*Assignment*. Range to copy from the entries below: the line containing "Кроме того, желательно" through the line containing "自然解凍後、あらかじめ余熱し", inclusive. Retype only those lines, exactly, without any images.

*Materials provided*.
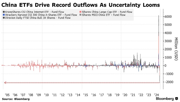 Так, биржевой фонд iShares China Large-Cap ETF, известный по тикеру FXI, зафиксировал отток средств в размере 984 миллионов долларов на прошлой неделе, что стало рекордным показателем за всю историю существования фонда. Это стало продолжением пятинедельной серии изъятий средств.
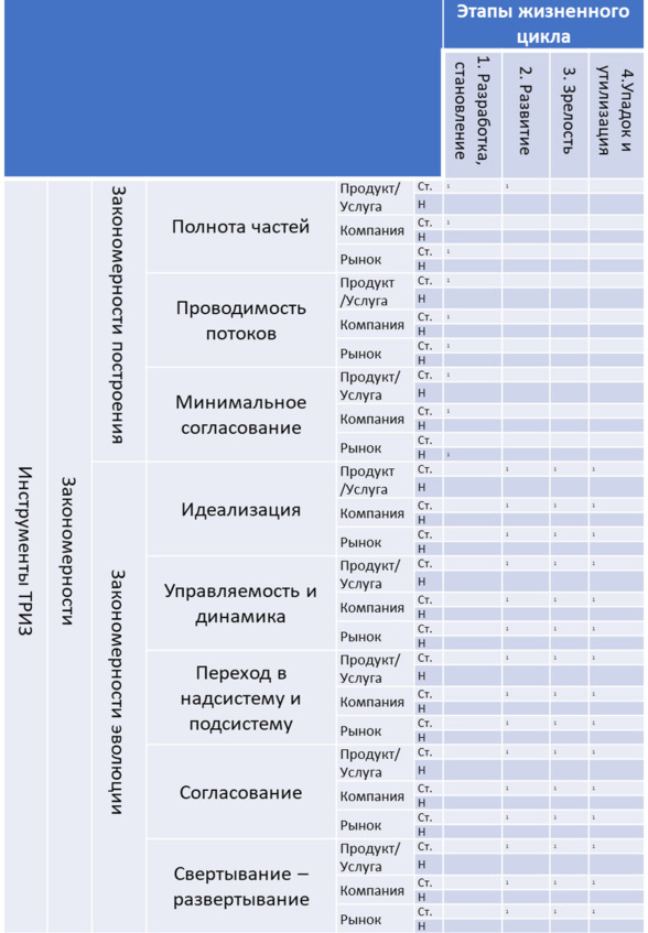 Кроме того, желательно провести анализ продвижения продукта (услуги) на рынок, который проводится по специальной методике, разработанной автором66. Эта методика использует закономерности развития продукта, копании и рынка и их взаимодействие. Особенно это важно для компаний стартап и инвесторов этих компаний
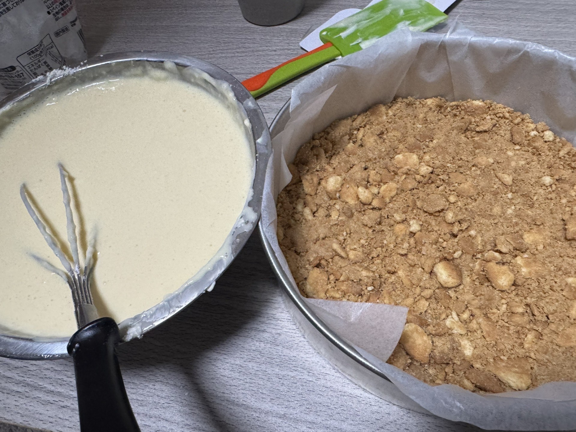 前回作ったチーズケーキは、焼いたらチーズが分離してしまうという悔しい結果に…。
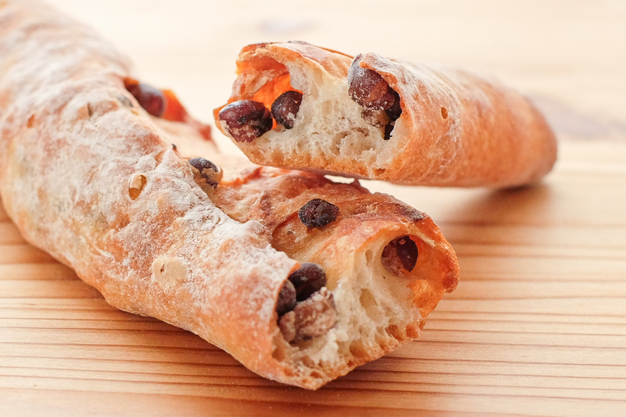 自然解凍後、あらかじめ余熱しておいたオーブンやトースターで温めてお召し上がりください。(※気温が上がってくる夏場は一晩冷蔵庫で解凍してください) パン全体に霧吹きなどで軽く水をかけてからトースターで3分~4分ほど加熱するとさっくり、もっちり出来たてのようになり美味しく召し上がれます。
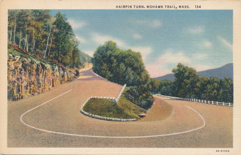 Hairpin Turn on the Mohawk Trail - Massachusetts. Standard sized linen post card. The Curt-Teich Dating Guide assigns 3A-H1593 to 1933. Very good condition.
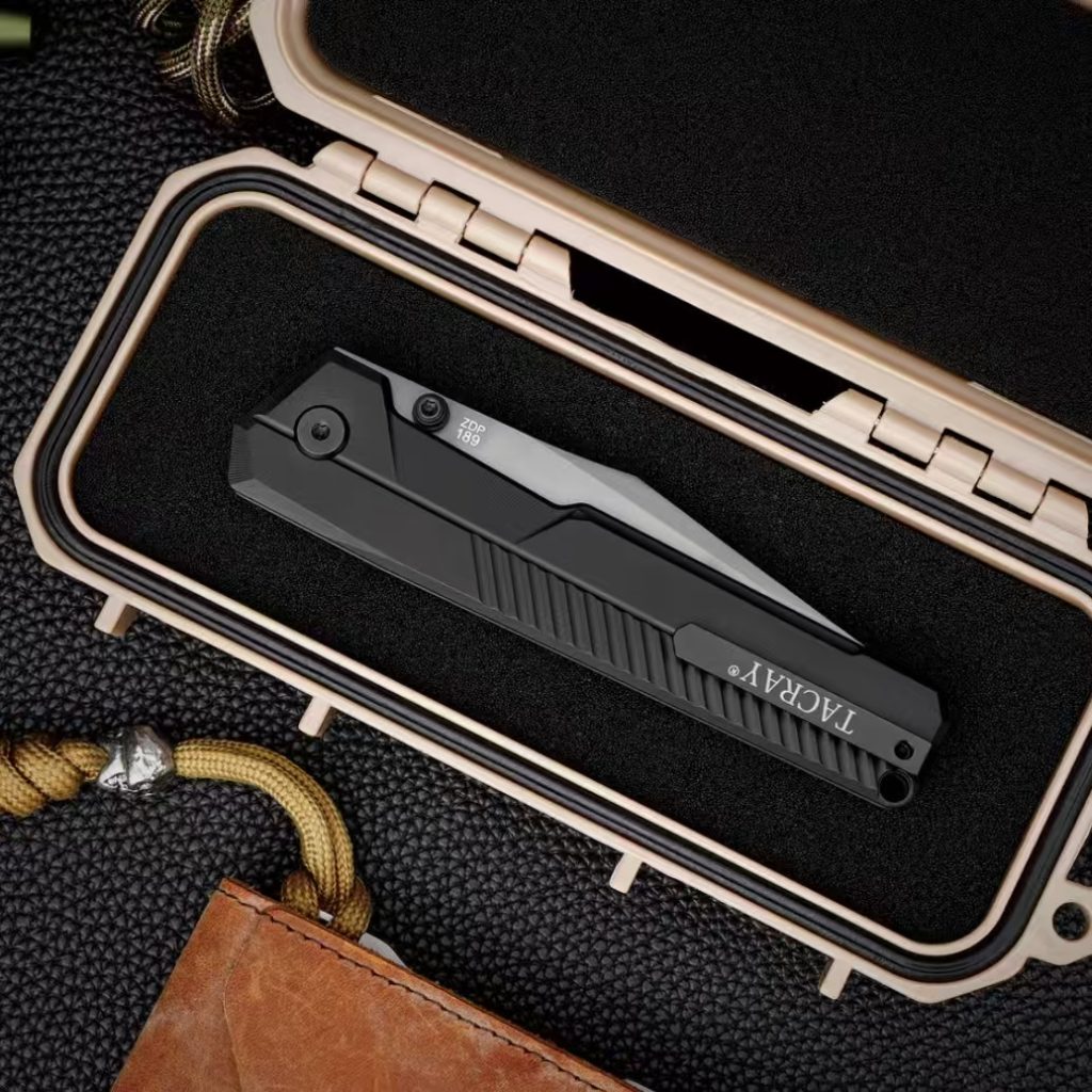刀片选用粉末冶金钢材 ZDP‑189,表面经过 DLC(类金刚石碳)涂层处理,提升耐磨性和防锈性能。
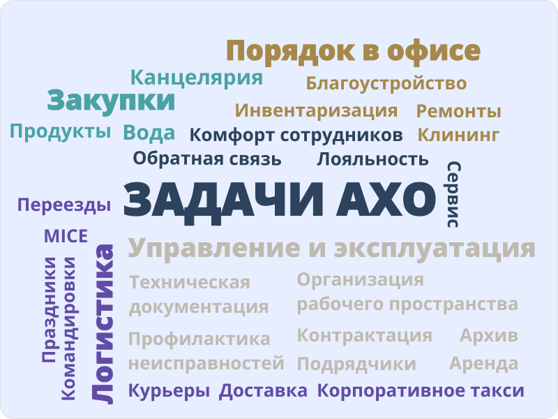 АХО также отвечает за работу с подрядчиками и органами государственного надзора, контрактации, взаимодействие с управляющими компаниями. - Административные задачи и документооборот
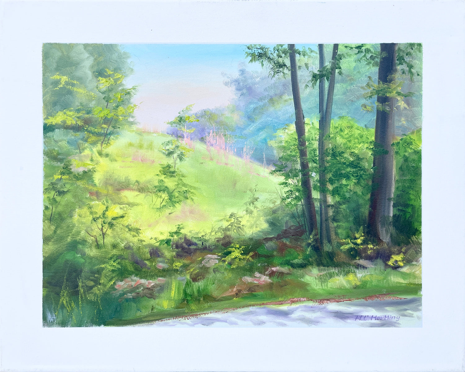 Heiner Hertling’s oil painting captures a bright green grassy meadow emerging from a shaded path in Kensington Metropark. A painted white border around the painting provides a built in "frame."
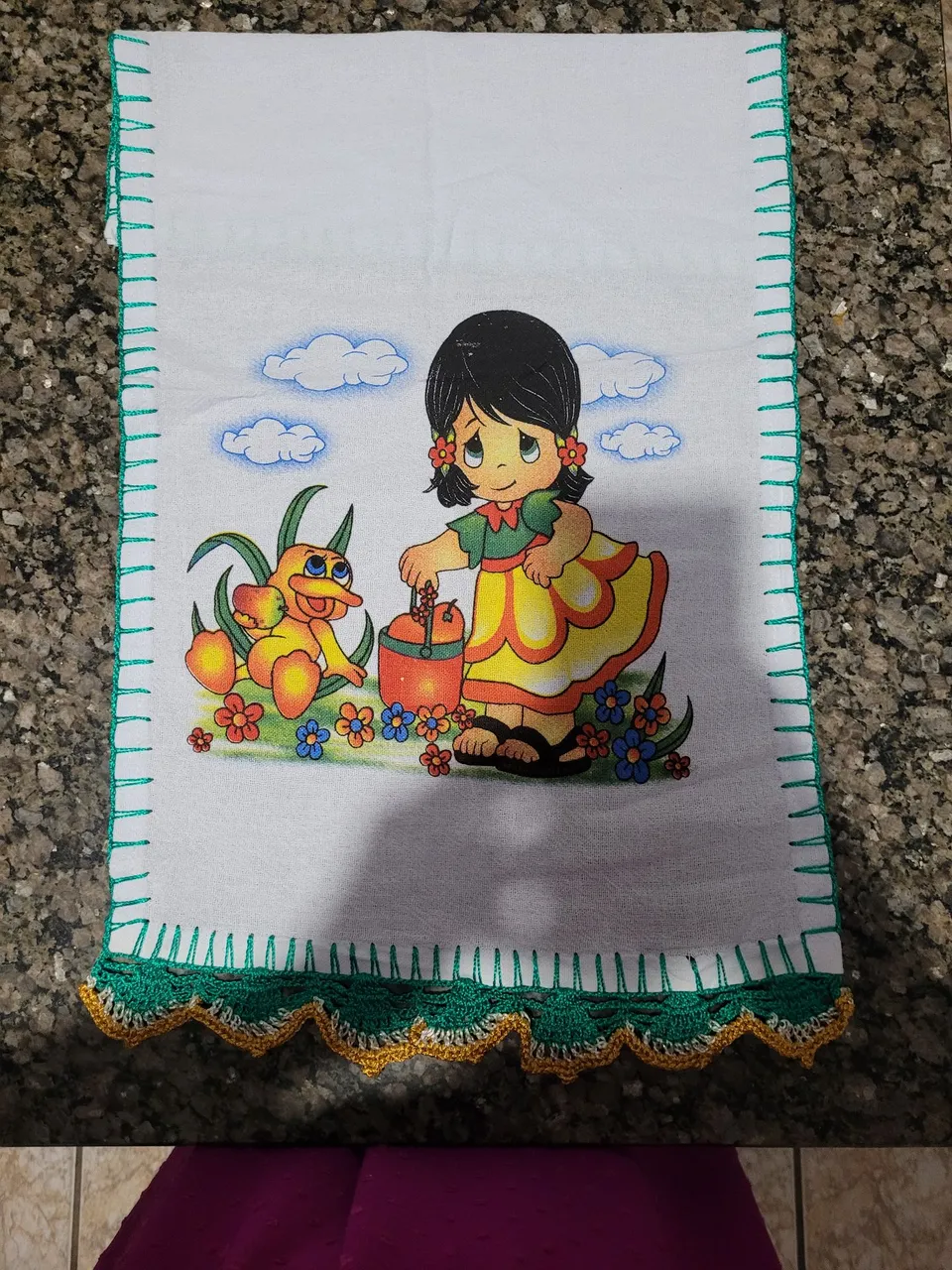 Lindo pano de prato com bordado e acabamento em crochê. Perfeito para dar um toque especial e charmoso à sua cozinha!
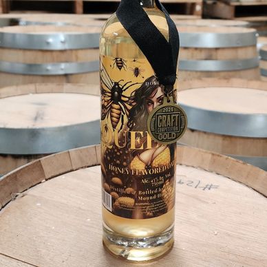 Using our triple distilled Oat Whiskey used to produce our Queen of Hearts Whiskey. We start with our 75% distillate and add local honey, from an apiary on the other side of town, bringing it to a warming 45%. The higher ABV starting point allows us to increase the intensity of the honey flavors while maintaining a dry finish unseen in other honey Whiskey. Think “Honey Nut Cheerios” but for adults.
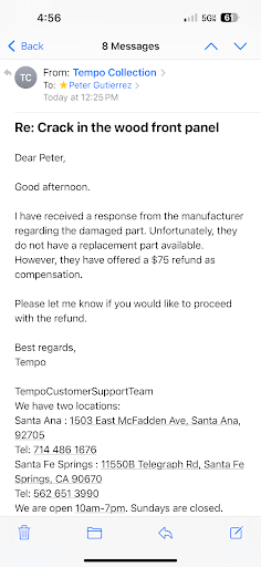 Purchaed a TV stand for $850. Once I opened the box to assemble I noticed a crack in the wood on the front panel of the stand. It was on a preassembled portion. I immediately reported it to Matt at Tempo Collection on January 2nd. He then responded on January 2nd that he needed me to send them photos and he would work out an exchange with Ashley Furniture. Today, March 5th, I finally received an email from Tempo (after calling and texting them 5 times) offering me a $75 refund. I explained that I Purchaed a new item and wanted it exchanged for another new product without a crack. He said my only option was to accept a $75 refund. THIS COMPANY IS A JOKE! I am speaking with Ashley Furniture now and they explained that it is 100% up to the retail store to exchange or replace an item. So Tempo waited 2 months to provide me a lie. BEWARE that if you purchase from Tempo collection and something is damaged that you will be stuck with the damaged product and they will push you off and delay you. Unfortunately, for them, I won't settle for this. Small claims court is my next stop. Pictures included. Crack may look minor but it's all the way through the wood and when you apply pressure to the top of the cabinet the crack opens up. Email pic shows their response to me after 2 months. The claim "Ashley offered me $75 refund" - Ashley support told me that is not true, they explained this retailer could have taken it back and exchanged it. You've...
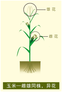 (2)另一类植物种的个体具有雌雄两类花,雄花产生花粉,雌花产生胚珠,是雌雄同株而异花。如玉米
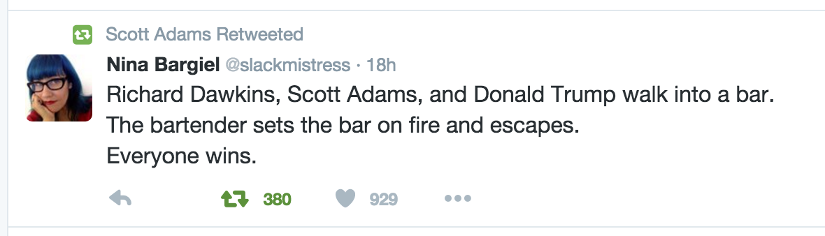 @ScottAdamsSays haha bluehair dontcareThanks. Twitter will use this to make your timeline better. UndoUndo
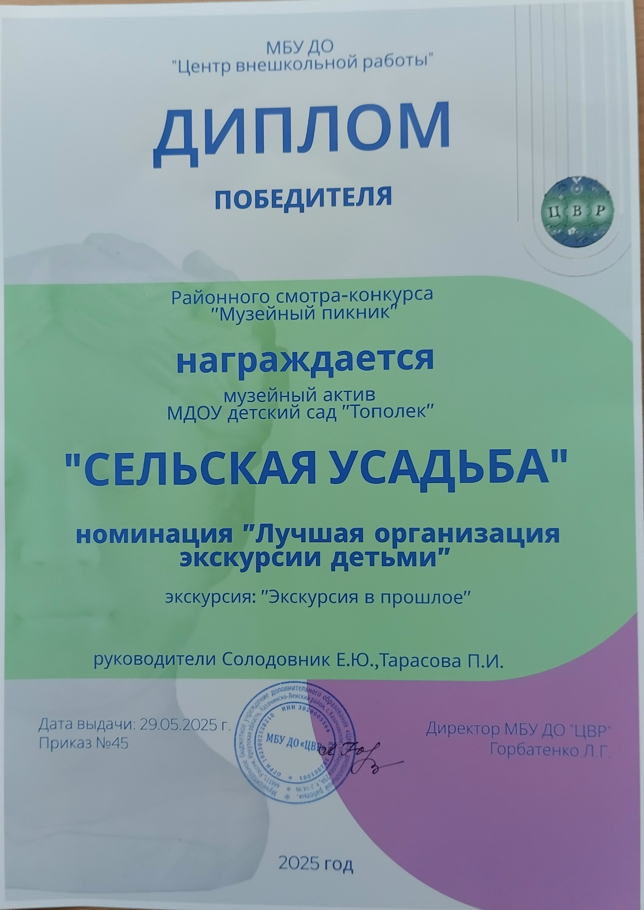 Включение в общероссийский реестр музеев образовательных организаций музея МДОУ "Сельская усадьба - июль 2024г
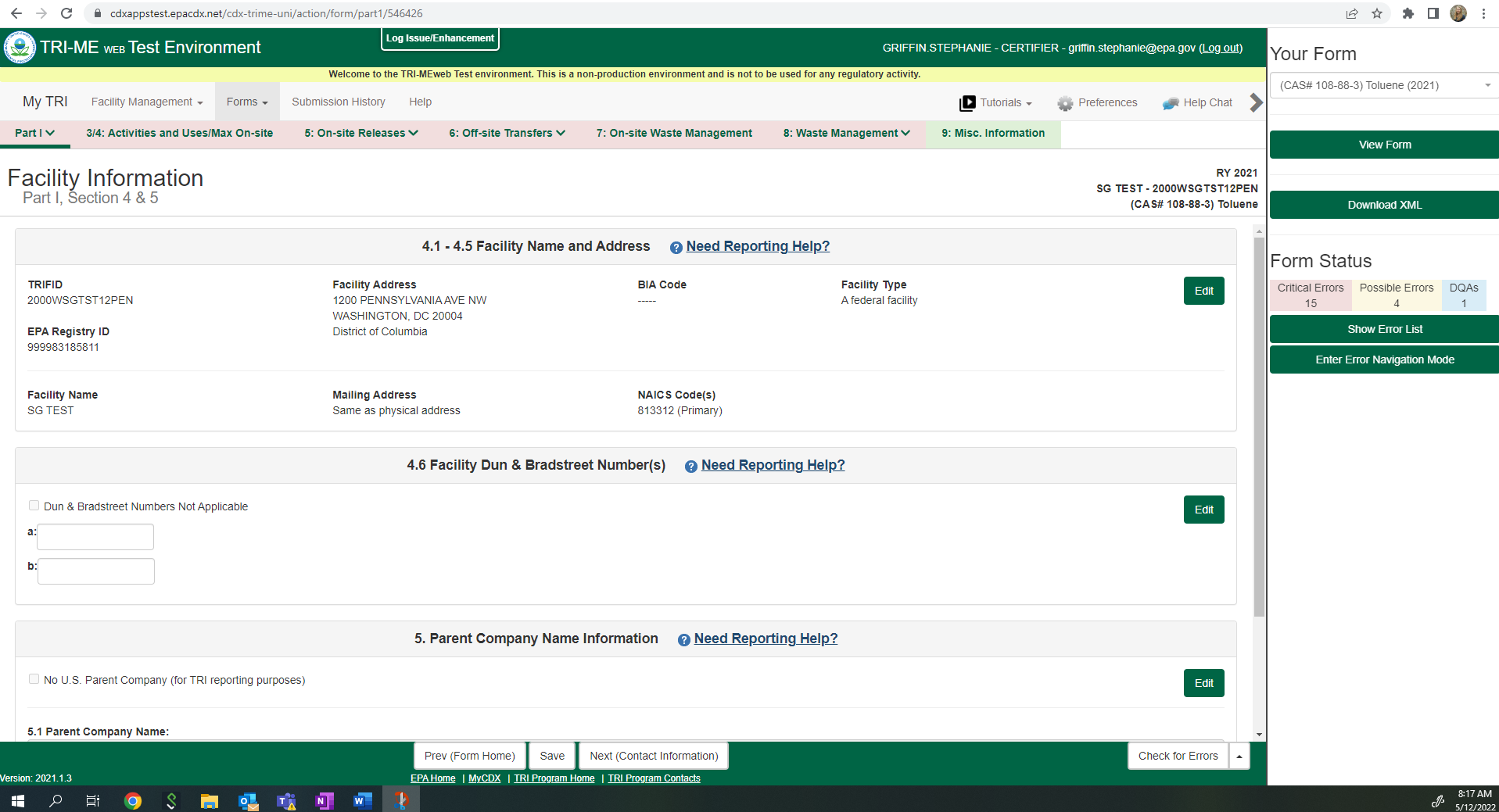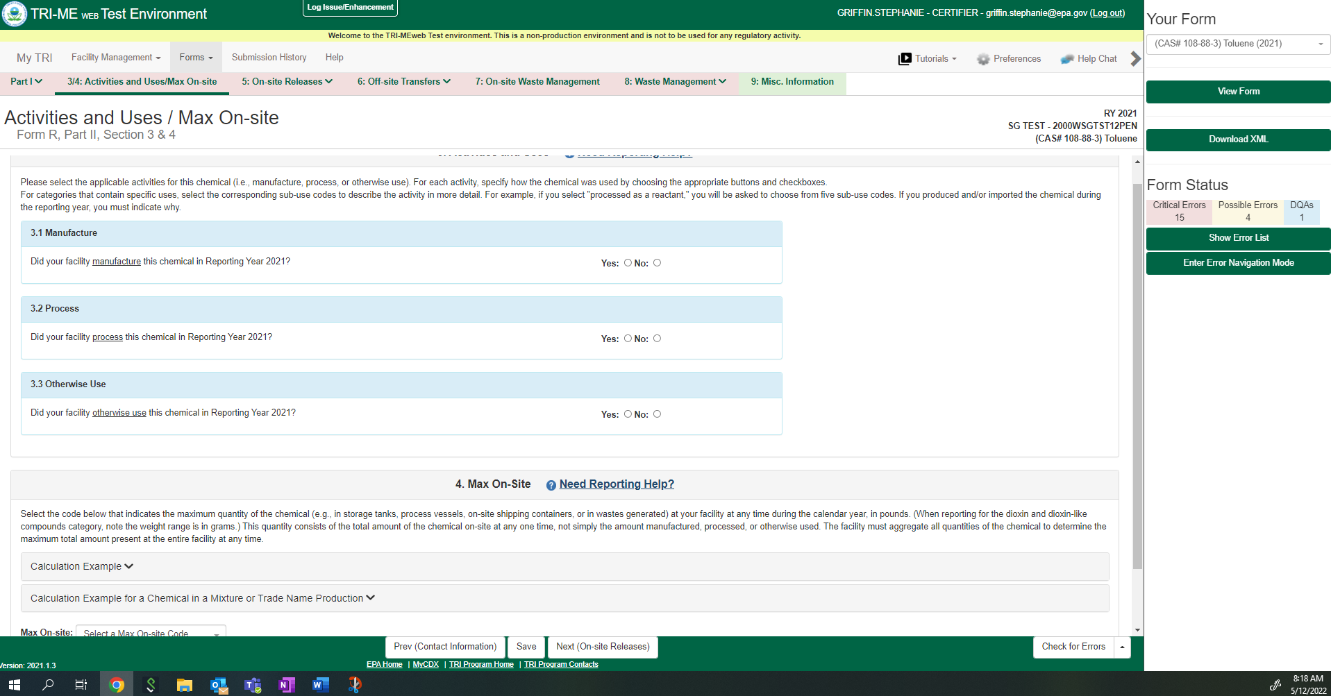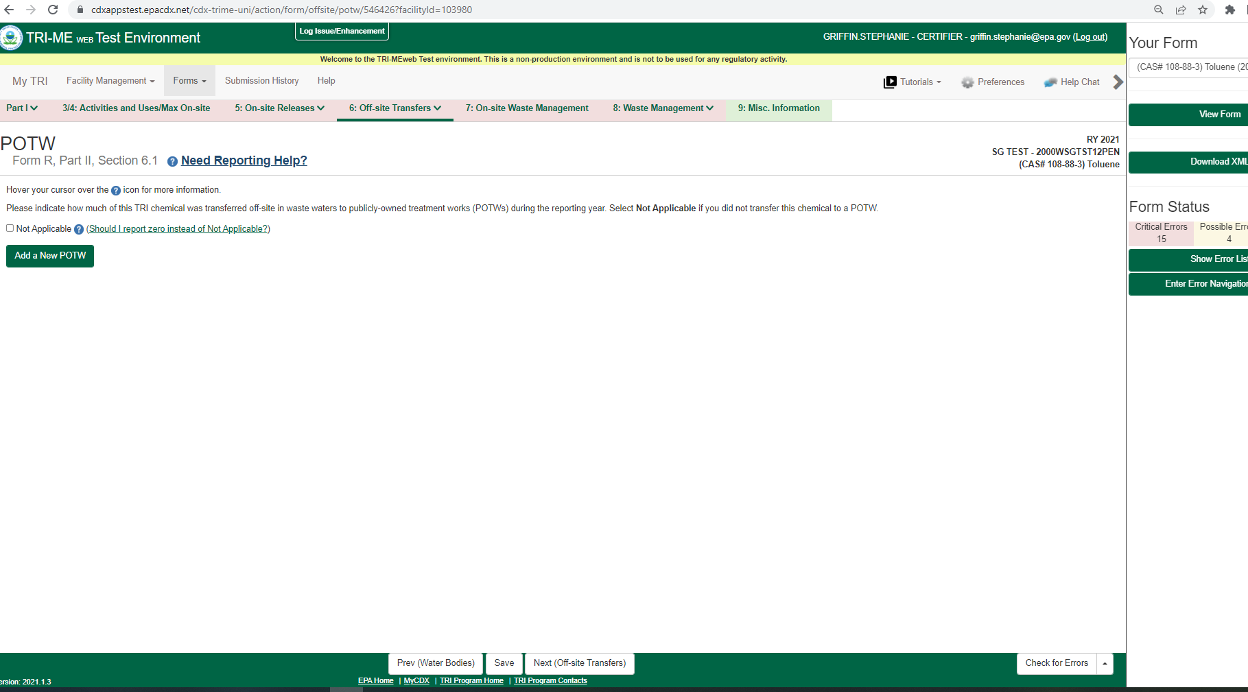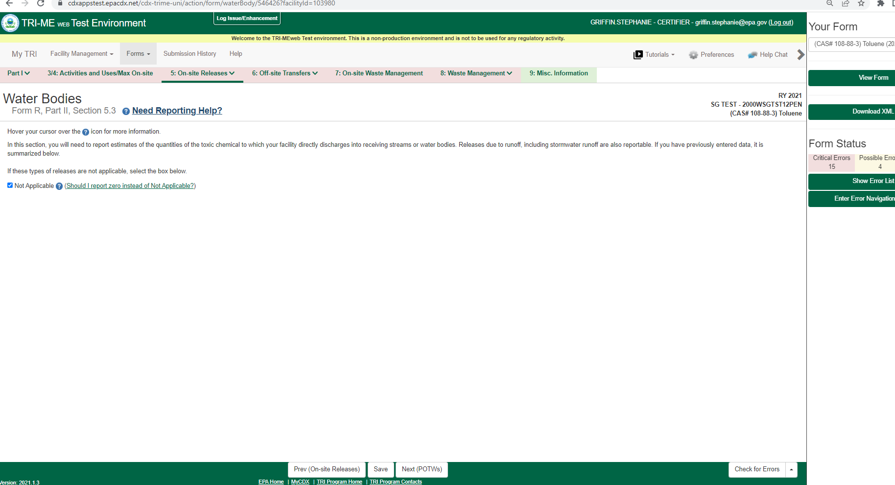 Toxic Chemical Release Reporting (Non-substantive Change)

*Solution*.
 Кроме того, желательно провести анализ продвижения продукта (услуги) на рынок, который проводится по специальной методике, разработанной автором66. Эта методика использует закономерности развития продукта, копании и рынка и их взаимодействие. Особенно это важно для компаний стартап и инвесторов этих компаний
 前回作ったチーズケーキは、焼いたらチーズが分離してしまうという悔しい結果に…。
 自然解凍後、あらかじめ余熱しておいたオーブンやトースターで温めてお召し上がりください。(※気温が上がってくる夏場は一晩冷蔵庫で解凍してください) パン全体に霧吹きなどで軽く水をかけてからトースターで3分~4分ほど加熱するとさっくり、もっちり出来たてのようになり美味しく召し上がれます。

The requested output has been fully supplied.